Does VEGF-targeted active immunotherapy induce complete abrogation of platelet VEGF levels?
BMC Research Notes volume 12, Article number: 323 (2019)
Vascular endothelial growth factor (VEGF) is involved in physiological angiogenesis, but also is considered one of the key factors that promotes tumor angiogenesis. CIGB-247 is a VEGF-based vaccine that has been evaluated in phase I clinical trial patients with advanced solid tumors. This specific active immunotherapy is able to reduce platelet VEGF levels; however it is unknown whether this effect leads to a decrease in VEGF below the levels that can be observed in healthy individuals. The objective of the present study is to investigate platelet VEGF levels in cancer patients vaccinated with CIGB-247, and then compare these values with those obtained in healthy individuals. To achieve this, platelet VEGF levels of 62 cancer patients and 93 healthy individuals were compared. Cancer patients were those individuals recruited in CENTAURO and CENTAURO-2 clinical trials.
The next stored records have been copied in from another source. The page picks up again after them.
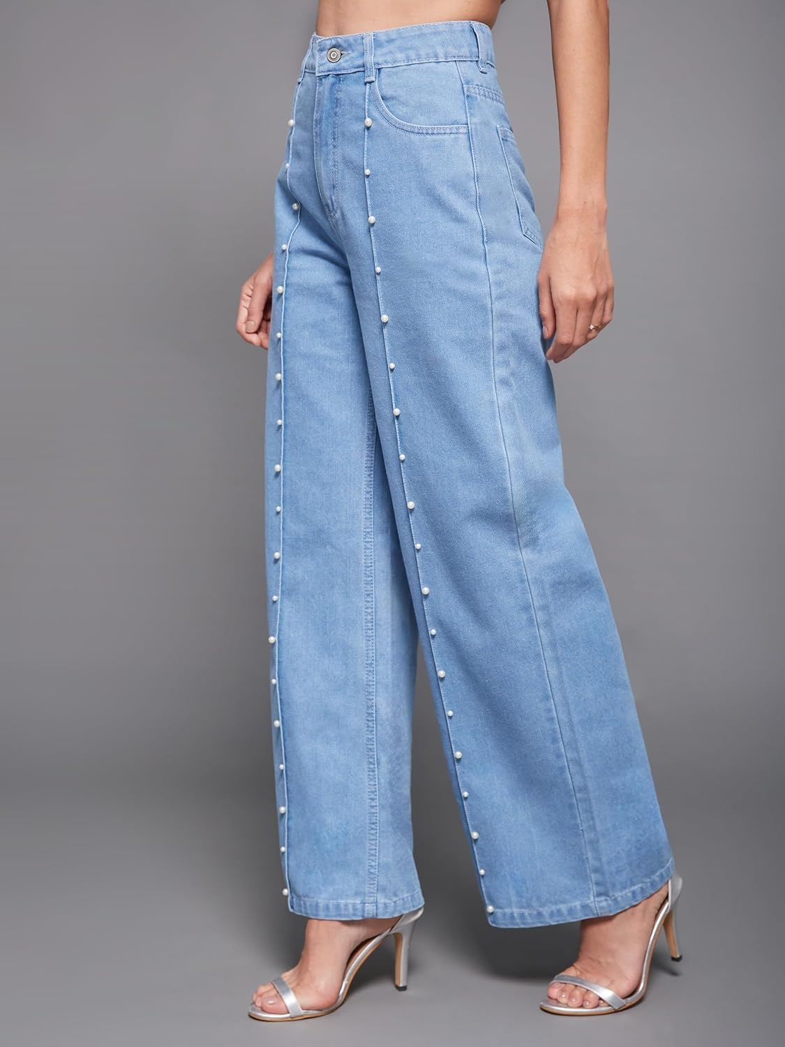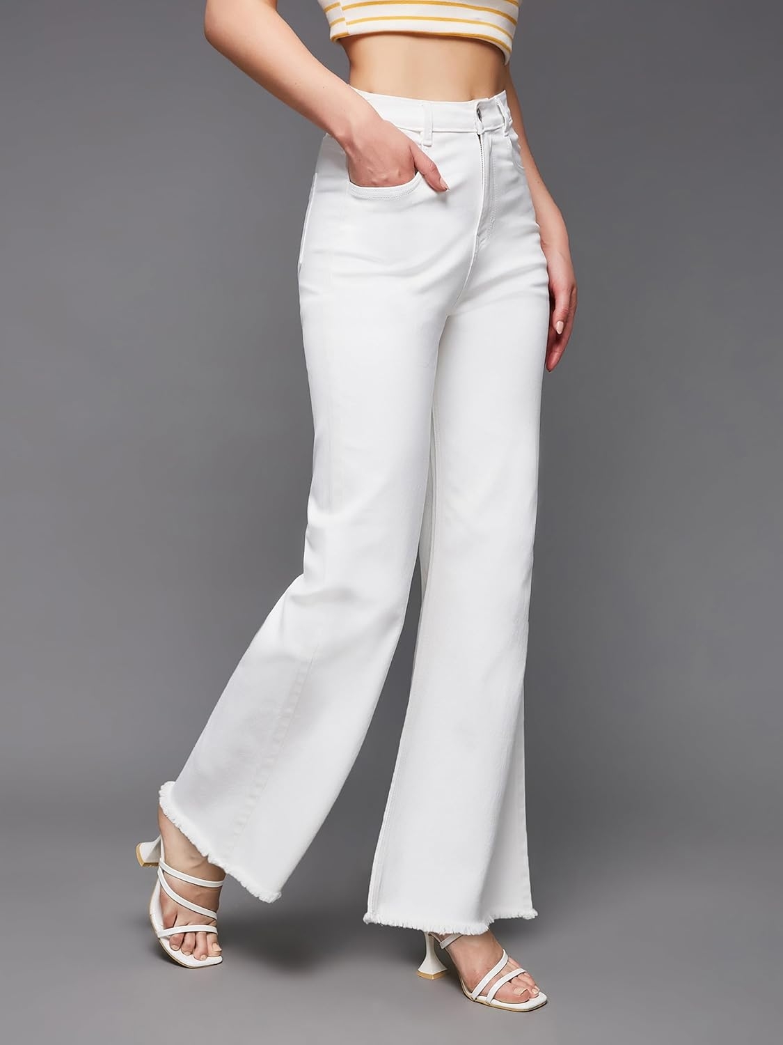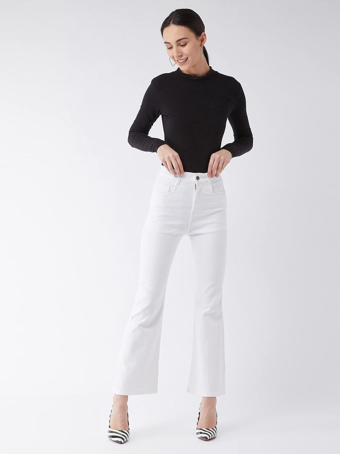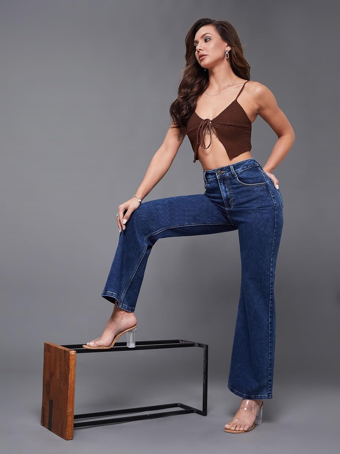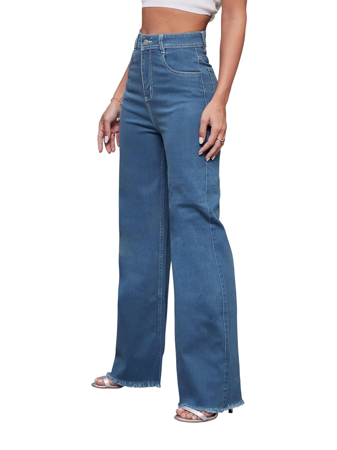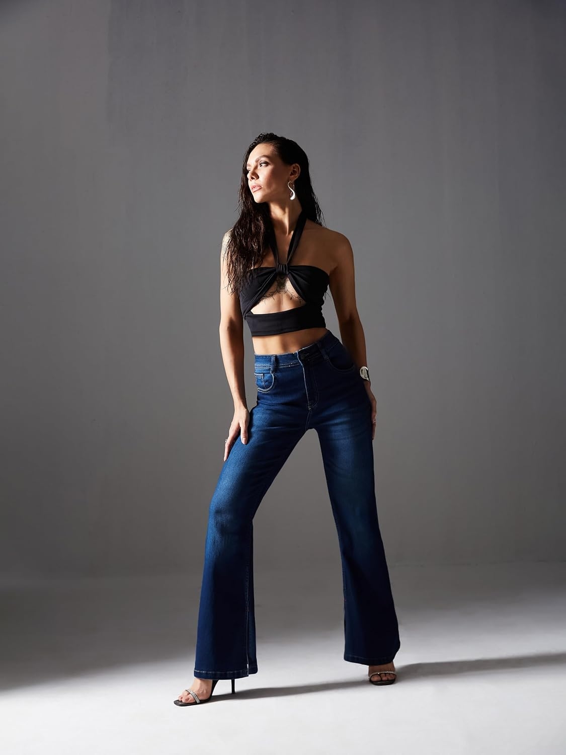 • Style: Flared | Belt: NA | Closure: Button and Zip Fly | Length: Regular | Pockets: 1 Coin, 2 Patch & 2 Side Pocket | Fit: Wide leg | Stretch: No | Rise: High Rise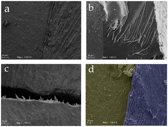 Data obtained from tensile stress at maximum load tests were 84.300 ± 51.342 MPa for the Test Group and 35.071 ± 16.609 MPa for the control group. The statistical analysis, performed with t-test for independent samples, showed statistically significant differences between the two groups (p = 0.033) for this parameter. On the other hand, data obtained from the fracture stress test showed values of 18.543 ± 8.145 MPa for test group and 8.186 ± 2.833 MPa for control group. A statistically significant differences between the two groups (p = 0.008) was shown also in this test. These data are shown in Figure 3 where the mechanical characteristics of the fracture in the different layers, composite, adhesive, and dentin of both groups are indicated. Moreover, the results were confirmed also by SEM analysis, as shown in Figure 4 and Figure 5. Scanning electron microscopy analysis was performed at different magnifications, both for test and control samples. in Figure 4, it is possible to observe the surface microstructure of the test samples at different magnifications. It is clearly shown that no detachment occurred at the interface between the adhesive and the dentine. In addition, the SEM analysis demonstrated that the fracture involved the dentine was irregular, while, in the composite, the trend was more regular (Figure 4 and Figure 5). At the interface of test samples, there were no detachments shown and the contribution of the micro roughness induced by sandblasting appeared evident, as shown in Figure 4 and Figure 5. In particular, Figure 5b shows the layer of adhesive at 1.00 K magnification where the Hackle lines were evident, showing a sign of a fragile fracture in the layer of the adhesive itself, due to the low concentration of filling elements. Moreover, the SEM images of the Control group shown a clear failure at the interface between dentin and adhesive, thus recording a lower resistance to adhesion compared to the Test samples (Figure 4b,d and Figure 5c). On the other hand, Figure 4b showed how in the control samples the fracture involved both dentine and the composite parts. Figure 4d showed the sign of detachment at the interface at greater magnification.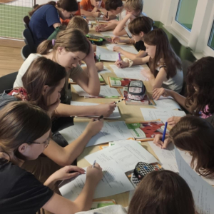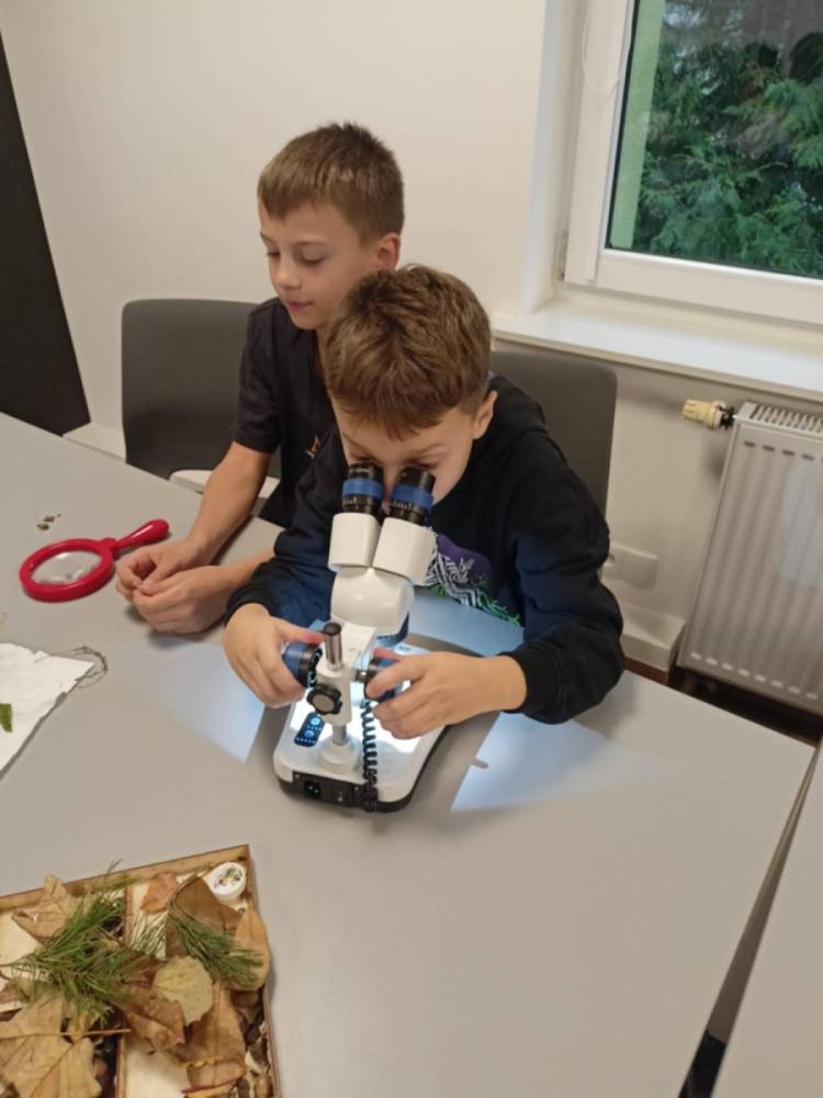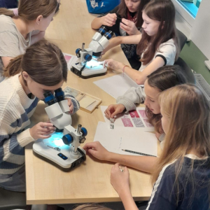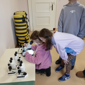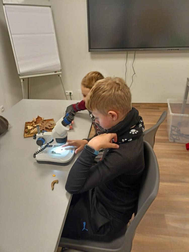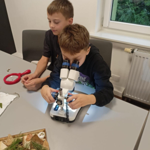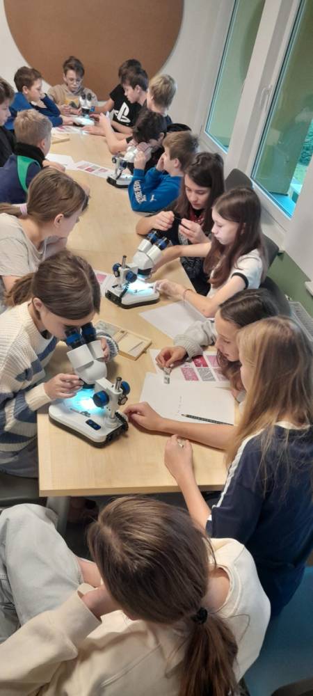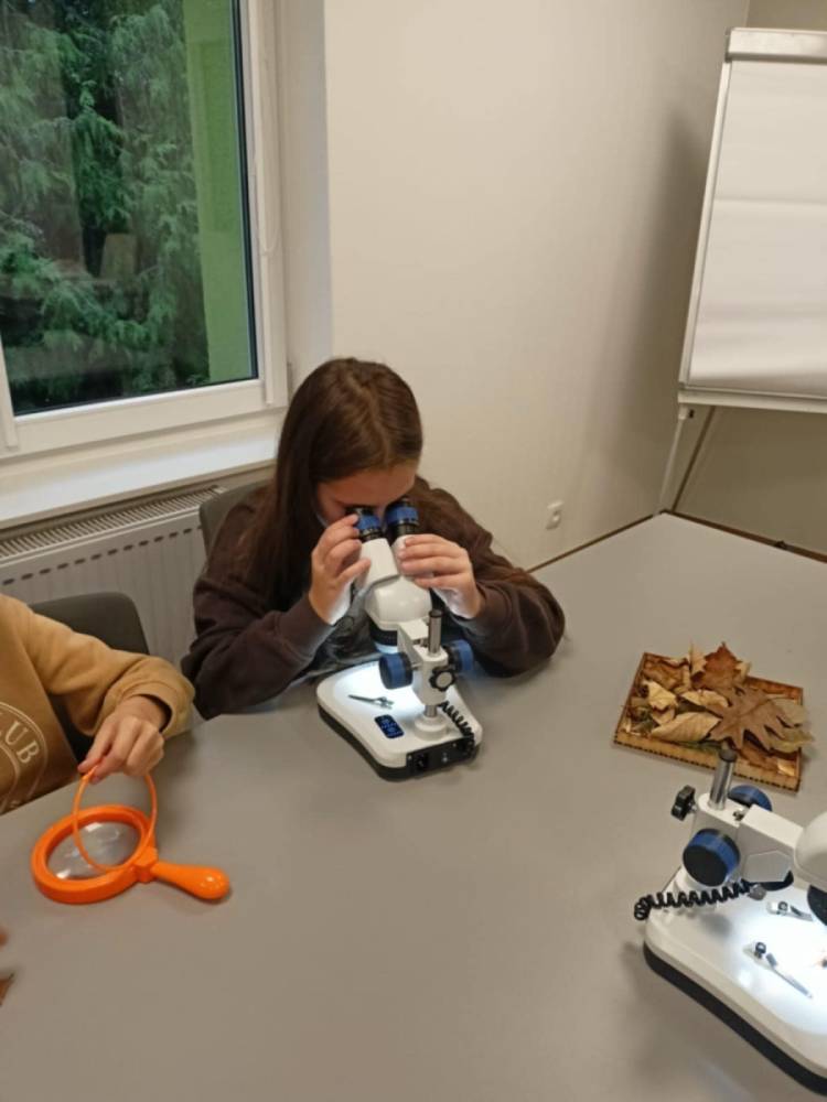 Dzień drugi spędzony został przez uczestników równie aktywnie, co pierwszy. Choć pogoda nie do końca dopisywała to poszukiwaczy przyrodniczych skarbów i odkrywców darów natury w zupełności nie odstraszyła. W skupieniu przebiegały także warsztaty mikroskopowe, w trakcie których uczniowie nabywali nowe kompetencje. A interaktywne zajęcia matematyczne pozwoliły odkryć w niejednym duszę Pitagorasa...

Before vaccination, platelets of cancer patients carried more VEGF than the levels seen in platelet of healthy individuals. However, after vaccination, cancer patients had platelet VEGF values within the range established by healthy individuals, indicating that the antibody response elicited by CIGB-247 is not able to induce a complete suppression of VEGF. Vaccination with CIGB-247 helps to normalize VEGF levels within platelets.
Vascular endothelial growth factor (VEGF) is crucial during physiological and pathological angiogenesis. Physiological angiogenesis mediates different processes such as female sexual cycle, wound healing, bone repair and tissue differentiation. Pathological angiogenesis involves tumor angiogenesis, characterized by an increase in VEGF secretion from tumor cells and the number of blood vessels around the tumor. The increment of blood vessels allows an increment of oxygen and nutrients necessary to support tumor growth and its metastasis . For that reason, VEGF has become an attractive target for cancer immunotherapy.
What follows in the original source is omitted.